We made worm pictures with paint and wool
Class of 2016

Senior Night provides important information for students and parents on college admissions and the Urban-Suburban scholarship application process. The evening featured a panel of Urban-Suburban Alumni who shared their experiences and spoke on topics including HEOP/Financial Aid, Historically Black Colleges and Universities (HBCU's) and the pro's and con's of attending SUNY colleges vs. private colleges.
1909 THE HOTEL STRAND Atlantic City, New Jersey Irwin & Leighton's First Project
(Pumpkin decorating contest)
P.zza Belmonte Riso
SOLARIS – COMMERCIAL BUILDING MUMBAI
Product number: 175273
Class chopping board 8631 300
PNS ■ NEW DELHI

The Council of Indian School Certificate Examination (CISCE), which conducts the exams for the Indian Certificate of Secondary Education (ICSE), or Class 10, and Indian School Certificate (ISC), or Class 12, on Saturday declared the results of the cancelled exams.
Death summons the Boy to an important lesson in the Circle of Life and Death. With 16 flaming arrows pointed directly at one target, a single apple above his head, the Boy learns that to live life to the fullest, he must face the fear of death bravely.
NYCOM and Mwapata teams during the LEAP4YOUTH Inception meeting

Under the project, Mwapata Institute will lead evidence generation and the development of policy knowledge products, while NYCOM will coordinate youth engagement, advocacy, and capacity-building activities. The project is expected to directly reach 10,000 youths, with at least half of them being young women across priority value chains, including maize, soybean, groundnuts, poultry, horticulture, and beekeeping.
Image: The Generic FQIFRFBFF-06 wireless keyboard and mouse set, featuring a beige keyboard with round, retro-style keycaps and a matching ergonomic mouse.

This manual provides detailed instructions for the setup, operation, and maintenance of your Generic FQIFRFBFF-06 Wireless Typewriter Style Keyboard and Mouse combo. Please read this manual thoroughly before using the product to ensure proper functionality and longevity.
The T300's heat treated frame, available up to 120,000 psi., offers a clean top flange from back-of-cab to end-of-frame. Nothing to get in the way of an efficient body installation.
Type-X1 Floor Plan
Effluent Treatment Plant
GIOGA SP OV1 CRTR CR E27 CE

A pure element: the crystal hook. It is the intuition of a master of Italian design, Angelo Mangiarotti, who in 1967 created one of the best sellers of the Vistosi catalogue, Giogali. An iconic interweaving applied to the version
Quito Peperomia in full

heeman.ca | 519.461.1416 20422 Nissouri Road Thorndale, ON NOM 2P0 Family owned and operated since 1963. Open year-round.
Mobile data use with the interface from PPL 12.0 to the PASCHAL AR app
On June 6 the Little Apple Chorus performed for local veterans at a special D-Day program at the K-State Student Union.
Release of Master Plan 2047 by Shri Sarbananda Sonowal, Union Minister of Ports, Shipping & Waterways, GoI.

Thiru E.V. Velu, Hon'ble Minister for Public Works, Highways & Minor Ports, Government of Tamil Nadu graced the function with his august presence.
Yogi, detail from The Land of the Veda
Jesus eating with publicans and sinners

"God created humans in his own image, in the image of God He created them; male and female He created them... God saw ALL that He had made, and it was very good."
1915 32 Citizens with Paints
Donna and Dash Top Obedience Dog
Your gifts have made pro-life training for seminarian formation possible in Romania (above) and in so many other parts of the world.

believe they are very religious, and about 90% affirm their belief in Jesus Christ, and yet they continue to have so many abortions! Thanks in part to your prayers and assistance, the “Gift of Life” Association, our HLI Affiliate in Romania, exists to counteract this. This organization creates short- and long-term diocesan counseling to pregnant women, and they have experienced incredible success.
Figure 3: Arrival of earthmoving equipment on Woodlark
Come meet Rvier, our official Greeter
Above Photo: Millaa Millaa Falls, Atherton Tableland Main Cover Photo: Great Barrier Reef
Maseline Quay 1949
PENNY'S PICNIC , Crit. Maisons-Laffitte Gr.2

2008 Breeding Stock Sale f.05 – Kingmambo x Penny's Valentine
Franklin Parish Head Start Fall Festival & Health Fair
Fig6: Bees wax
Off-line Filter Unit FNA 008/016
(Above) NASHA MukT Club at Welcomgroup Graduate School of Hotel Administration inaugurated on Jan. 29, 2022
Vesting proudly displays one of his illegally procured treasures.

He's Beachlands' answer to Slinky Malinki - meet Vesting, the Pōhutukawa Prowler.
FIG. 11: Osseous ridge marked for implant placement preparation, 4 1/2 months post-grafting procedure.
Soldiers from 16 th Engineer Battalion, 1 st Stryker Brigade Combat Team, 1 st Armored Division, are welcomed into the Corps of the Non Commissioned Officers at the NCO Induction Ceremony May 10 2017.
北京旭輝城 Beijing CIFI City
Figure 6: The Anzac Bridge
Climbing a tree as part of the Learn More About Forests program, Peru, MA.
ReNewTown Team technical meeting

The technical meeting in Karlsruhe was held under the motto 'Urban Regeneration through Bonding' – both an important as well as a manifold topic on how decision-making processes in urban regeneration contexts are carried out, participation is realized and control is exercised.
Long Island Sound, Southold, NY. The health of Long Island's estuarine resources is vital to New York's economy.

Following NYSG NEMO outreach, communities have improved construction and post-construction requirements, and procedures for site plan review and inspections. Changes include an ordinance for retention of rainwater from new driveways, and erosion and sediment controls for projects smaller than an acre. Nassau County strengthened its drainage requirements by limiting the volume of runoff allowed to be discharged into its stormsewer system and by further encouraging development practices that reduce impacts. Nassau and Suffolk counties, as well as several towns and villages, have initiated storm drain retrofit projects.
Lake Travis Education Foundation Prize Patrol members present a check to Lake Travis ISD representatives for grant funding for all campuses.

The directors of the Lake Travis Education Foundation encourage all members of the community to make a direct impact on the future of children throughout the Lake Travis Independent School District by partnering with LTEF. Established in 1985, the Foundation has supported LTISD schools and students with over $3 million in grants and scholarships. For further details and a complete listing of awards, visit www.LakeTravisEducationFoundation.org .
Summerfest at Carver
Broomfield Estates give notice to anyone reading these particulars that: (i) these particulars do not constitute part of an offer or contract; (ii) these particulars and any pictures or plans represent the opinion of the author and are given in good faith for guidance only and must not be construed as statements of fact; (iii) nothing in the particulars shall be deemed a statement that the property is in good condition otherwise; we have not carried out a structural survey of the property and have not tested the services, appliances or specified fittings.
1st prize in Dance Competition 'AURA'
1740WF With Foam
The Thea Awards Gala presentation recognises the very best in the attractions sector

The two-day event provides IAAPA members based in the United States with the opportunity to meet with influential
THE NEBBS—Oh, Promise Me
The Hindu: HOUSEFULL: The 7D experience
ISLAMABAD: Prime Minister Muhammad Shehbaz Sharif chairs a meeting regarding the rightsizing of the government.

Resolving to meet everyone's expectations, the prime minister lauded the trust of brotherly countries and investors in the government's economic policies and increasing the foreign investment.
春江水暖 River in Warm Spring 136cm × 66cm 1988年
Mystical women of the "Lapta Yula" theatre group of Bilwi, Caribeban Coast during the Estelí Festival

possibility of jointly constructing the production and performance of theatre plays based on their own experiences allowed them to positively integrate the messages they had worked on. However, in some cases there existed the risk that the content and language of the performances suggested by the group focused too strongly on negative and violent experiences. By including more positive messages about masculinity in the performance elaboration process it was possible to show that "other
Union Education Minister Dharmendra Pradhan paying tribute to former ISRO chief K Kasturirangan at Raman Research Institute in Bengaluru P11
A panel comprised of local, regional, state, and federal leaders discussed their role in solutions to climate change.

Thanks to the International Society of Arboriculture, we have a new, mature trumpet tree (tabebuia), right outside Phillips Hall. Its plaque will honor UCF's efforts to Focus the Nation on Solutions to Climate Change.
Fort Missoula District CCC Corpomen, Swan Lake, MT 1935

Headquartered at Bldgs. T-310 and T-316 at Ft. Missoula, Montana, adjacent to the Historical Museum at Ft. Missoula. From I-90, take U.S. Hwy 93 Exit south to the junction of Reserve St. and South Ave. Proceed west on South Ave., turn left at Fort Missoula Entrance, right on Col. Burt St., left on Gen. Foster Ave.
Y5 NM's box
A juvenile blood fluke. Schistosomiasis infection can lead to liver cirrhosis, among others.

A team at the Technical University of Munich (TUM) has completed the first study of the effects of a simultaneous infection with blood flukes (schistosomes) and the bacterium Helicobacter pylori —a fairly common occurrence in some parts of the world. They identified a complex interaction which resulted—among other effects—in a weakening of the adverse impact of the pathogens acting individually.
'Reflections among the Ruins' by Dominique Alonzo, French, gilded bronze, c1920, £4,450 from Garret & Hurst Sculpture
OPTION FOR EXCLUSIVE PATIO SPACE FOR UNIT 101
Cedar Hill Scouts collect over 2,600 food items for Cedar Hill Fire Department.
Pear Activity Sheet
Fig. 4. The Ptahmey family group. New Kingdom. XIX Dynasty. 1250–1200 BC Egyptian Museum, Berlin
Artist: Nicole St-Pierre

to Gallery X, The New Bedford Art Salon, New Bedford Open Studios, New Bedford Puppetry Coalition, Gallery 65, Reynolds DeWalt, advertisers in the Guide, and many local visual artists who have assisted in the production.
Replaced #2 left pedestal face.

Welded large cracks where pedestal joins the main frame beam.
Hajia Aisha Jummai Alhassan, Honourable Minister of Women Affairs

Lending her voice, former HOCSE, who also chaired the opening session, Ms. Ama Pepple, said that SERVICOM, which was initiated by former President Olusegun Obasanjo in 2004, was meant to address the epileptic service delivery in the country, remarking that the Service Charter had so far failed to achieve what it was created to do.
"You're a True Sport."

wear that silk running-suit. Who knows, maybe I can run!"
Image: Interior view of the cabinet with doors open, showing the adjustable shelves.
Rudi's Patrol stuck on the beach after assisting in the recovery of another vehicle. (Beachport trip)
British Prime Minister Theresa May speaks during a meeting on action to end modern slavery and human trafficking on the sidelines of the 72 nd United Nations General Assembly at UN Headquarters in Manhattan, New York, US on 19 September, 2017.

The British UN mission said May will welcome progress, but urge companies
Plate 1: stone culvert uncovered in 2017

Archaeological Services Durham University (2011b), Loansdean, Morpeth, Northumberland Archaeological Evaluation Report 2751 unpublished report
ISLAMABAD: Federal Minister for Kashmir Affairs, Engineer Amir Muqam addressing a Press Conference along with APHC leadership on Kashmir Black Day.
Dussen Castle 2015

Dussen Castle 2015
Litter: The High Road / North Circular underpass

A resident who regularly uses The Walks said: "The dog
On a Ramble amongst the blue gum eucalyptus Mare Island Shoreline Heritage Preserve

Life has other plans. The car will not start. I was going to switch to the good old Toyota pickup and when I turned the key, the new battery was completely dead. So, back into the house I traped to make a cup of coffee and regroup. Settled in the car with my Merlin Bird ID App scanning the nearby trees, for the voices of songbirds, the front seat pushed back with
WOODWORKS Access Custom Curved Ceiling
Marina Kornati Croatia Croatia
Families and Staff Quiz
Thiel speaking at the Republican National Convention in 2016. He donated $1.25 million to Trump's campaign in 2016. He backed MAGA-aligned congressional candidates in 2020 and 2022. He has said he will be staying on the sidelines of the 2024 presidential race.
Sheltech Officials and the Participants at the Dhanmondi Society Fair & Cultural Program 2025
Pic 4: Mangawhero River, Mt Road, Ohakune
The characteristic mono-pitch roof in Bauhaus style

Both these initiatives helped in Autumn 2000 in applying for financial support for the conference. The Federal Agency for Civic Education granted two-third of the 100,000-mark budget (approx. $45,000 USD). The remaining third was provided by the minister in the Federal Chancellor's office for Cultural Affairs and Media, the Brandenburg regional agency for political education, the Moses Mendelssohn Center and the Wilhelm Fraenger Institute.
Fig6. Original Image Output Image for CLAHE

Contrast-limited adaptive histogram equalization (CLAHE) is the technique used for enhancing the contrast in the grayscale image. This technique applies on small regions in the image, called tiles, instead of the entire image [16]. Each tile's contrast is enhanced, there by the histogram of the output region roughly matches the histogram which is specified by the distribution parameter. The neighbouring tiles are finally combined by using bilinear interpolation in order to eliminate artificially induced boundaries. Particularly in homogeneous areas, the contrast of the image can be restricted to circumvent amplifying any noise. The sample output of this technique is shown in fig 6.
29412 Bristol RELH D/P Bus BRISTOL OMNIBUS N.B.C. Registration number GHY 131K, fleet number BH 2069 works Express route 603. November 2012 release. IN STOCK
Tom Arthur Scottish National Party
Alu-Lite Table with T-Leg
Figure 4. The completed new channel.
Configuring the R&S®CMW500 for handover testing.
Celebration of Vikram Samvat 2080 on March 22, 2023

————————

The entries above hold a line with "ISLAMABAD: Prime Minister" and a later line with "Mystical women of". Write out exactly those lines and all lines between, nothing more.

## EXERCISE ANSWER
ISLAMABAD: Prime Minister Muhammad Shehbaz Sharif chairs a meeting regarding the rightsizing of the government.

Resolving to meet everyone's expectations, the prime minister lauded the trust of brotherly countries and investors in the government's economic policies and increasing the foreign investment.
春江水暖 River in Warm Spring 136cm × 66cm 1988年
Mystical women of the "Lapta Yula" theatre group of Bilwi, Caribeban Coast during the Estelí Festival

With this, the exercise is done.